■ WHAT IS REQUIRED
An exact copy is needed of the lines in the entries below from the line with "Стоит с западной" up to and including the line with "This sublime eternity", and of nothing else. Leave the pictures out.

[RECORDS — start]

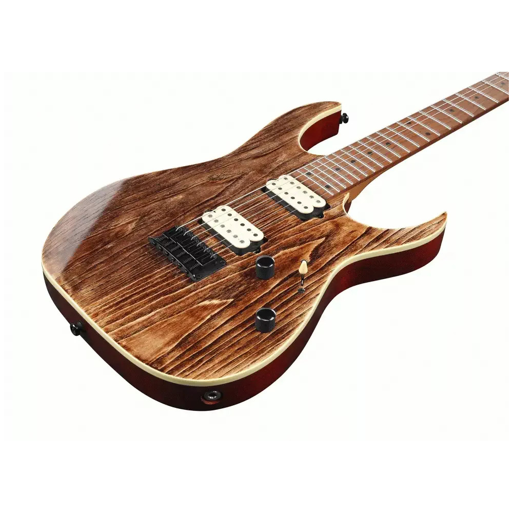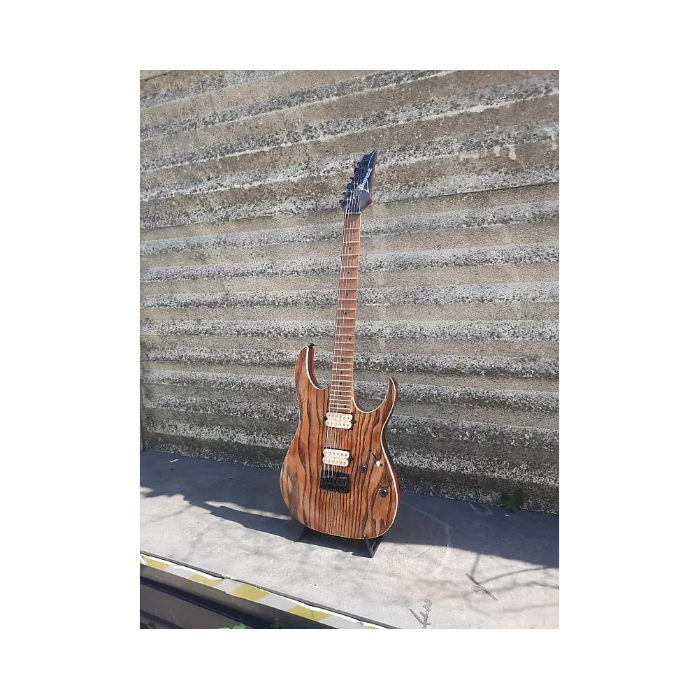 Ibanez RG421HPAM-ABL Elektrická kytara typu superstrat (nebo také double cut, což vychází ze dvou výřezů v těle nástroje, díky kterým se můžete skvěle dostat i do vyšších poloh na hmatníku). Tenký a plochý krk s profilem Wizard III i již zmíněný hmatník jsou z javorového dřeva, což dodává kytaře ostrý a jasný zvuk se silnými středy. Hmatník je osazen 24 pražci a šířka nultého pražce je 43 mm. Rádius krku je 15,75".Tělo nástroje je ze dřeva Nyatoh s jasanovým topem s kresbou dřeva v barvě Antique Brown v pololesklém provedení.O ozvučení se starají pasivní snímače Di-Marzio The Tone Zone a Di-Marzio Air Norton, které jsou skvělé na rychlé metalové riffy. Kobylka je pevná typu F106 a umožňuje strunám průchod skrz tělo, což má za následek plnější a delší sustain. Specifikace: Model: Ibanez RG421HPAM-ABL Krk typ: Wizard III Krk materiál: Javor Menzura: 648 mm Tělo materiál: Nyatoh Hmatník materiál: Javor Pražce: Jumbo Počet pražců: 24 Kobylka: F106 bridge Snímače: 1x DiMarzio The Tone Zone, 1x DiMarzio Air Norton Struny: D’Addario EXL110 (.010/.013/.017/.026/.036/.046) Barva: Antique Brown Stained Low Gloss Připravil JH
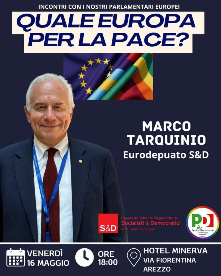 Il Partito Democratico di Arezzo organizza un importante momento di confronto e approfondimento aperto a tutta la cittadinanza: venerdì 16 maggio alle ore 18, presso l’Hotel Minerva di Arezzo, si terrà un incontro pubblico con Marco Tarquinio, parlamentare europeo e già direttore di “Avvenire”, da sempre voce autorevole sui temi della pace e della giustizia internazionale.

[RECORDS — finish]
[RECORDS — start]

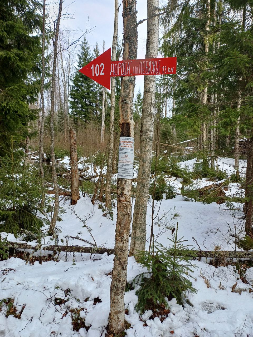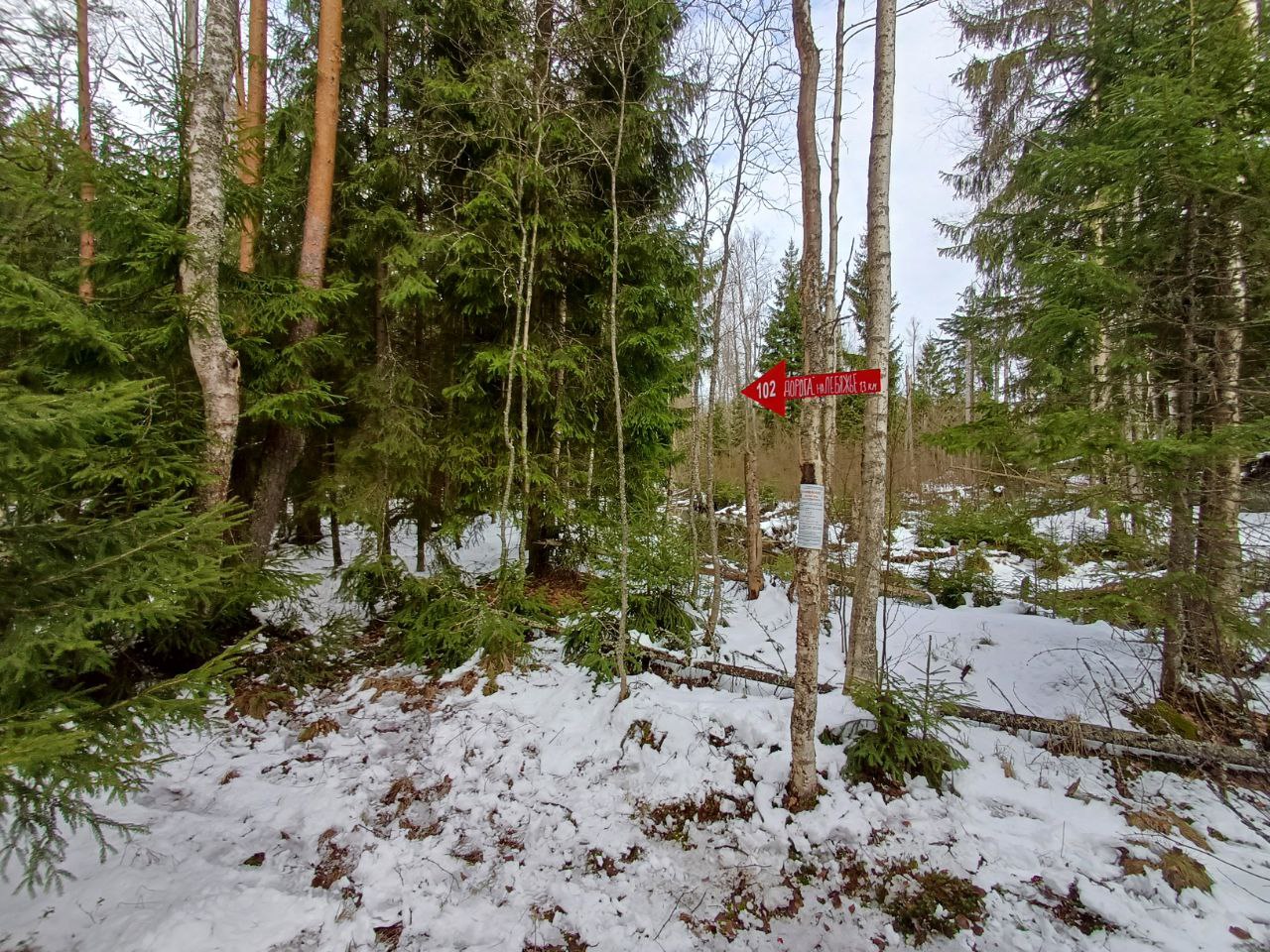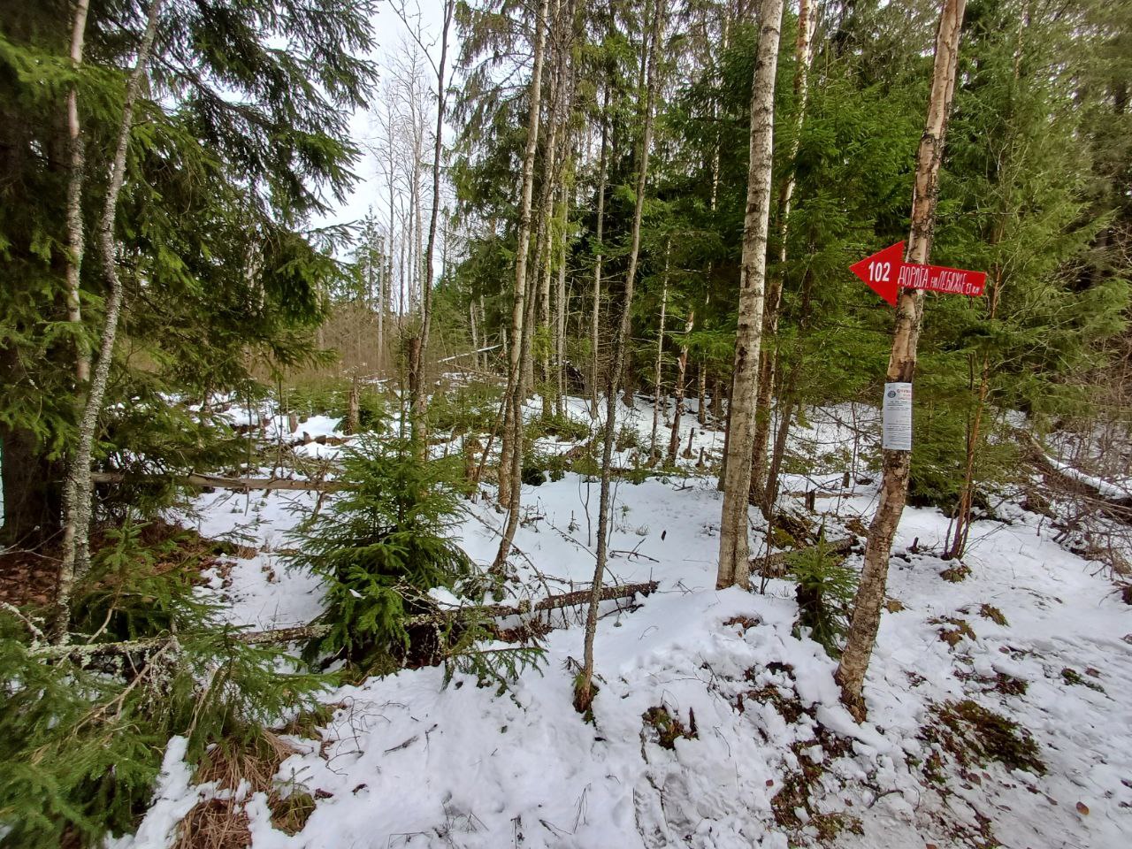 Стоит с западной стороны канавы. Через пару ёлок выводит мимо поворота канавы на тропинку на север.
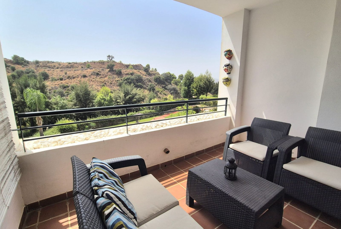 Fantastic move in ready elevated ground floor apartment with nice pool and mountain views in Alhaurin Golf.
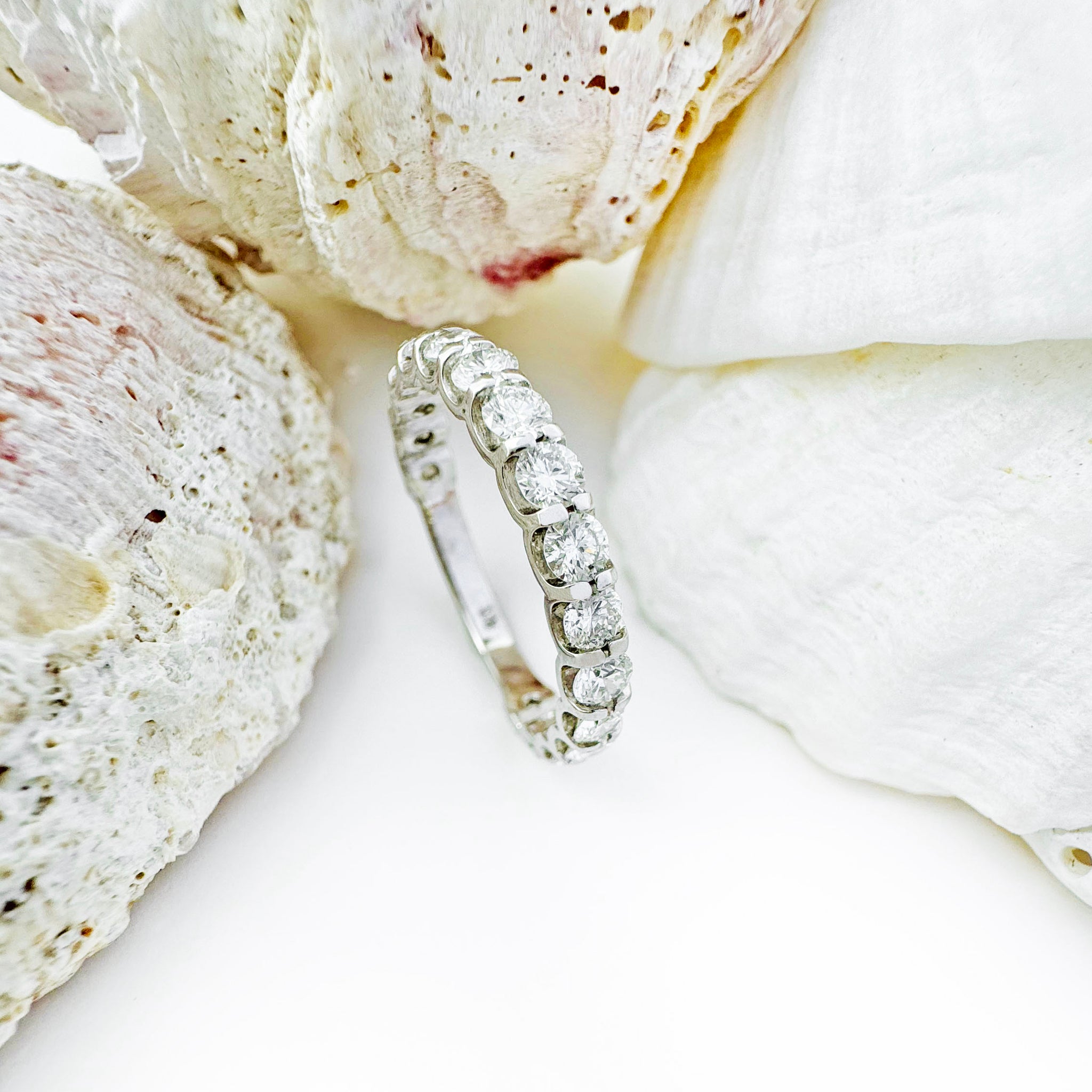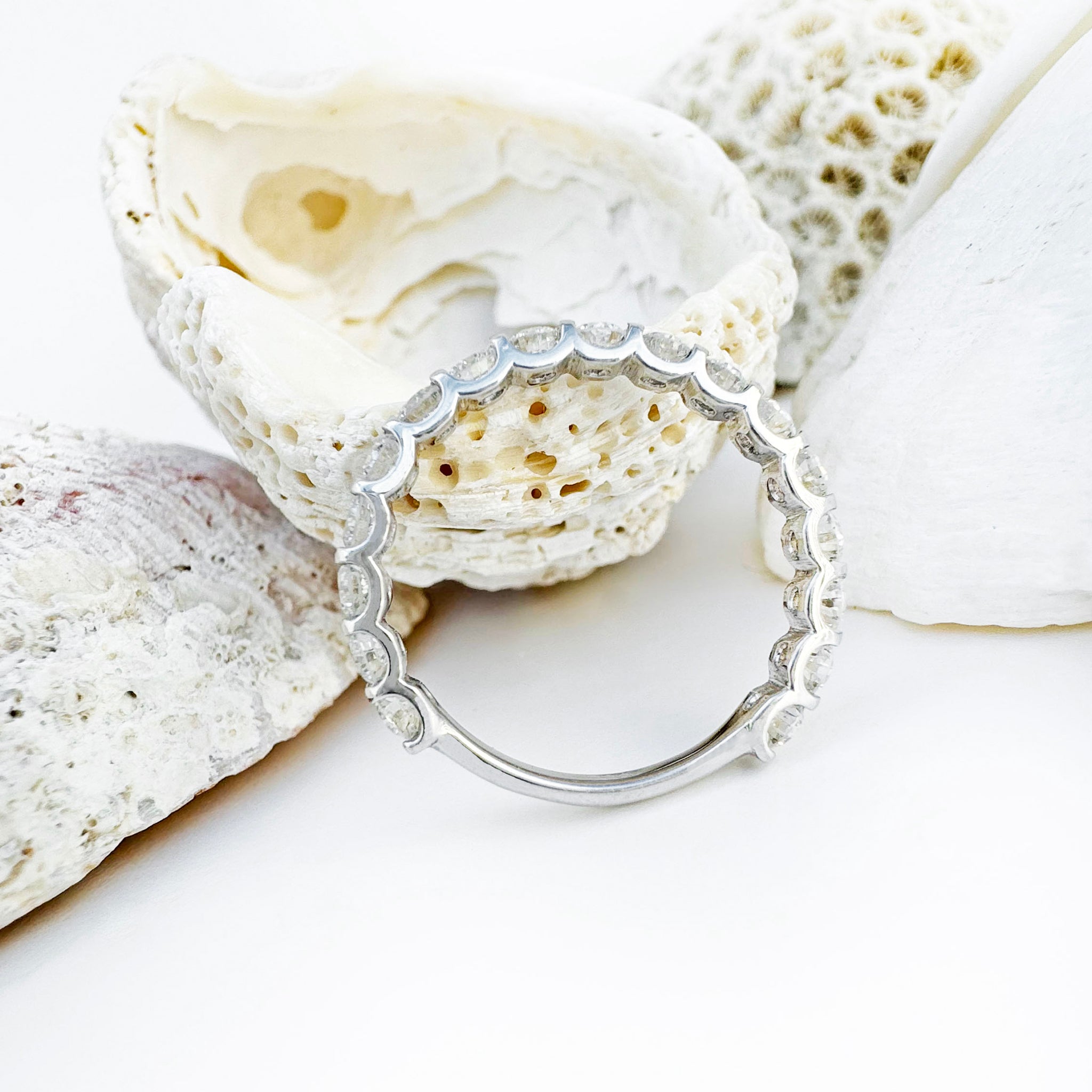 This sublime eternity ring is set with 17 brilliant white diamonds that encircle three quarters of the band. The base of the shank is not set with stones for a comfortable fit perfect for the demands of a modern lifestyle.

[RECORDS — finish]

■ COMPLETED TASK
 Стоит с западной стороны канавы. Через пару ёлок выводит мимо поворота канавы на тропинку на север.
 Fantastic move in ready elevated ground floor apartment with nice pool and mountain views in Alhaurin Golf.
 This sublime eternity ring is set with 17 brilliant white diamonds that encircle three quarters of the band. The base of the shank is not set with stones for a comfortable fit perfect for the demands of a modern lifestyle.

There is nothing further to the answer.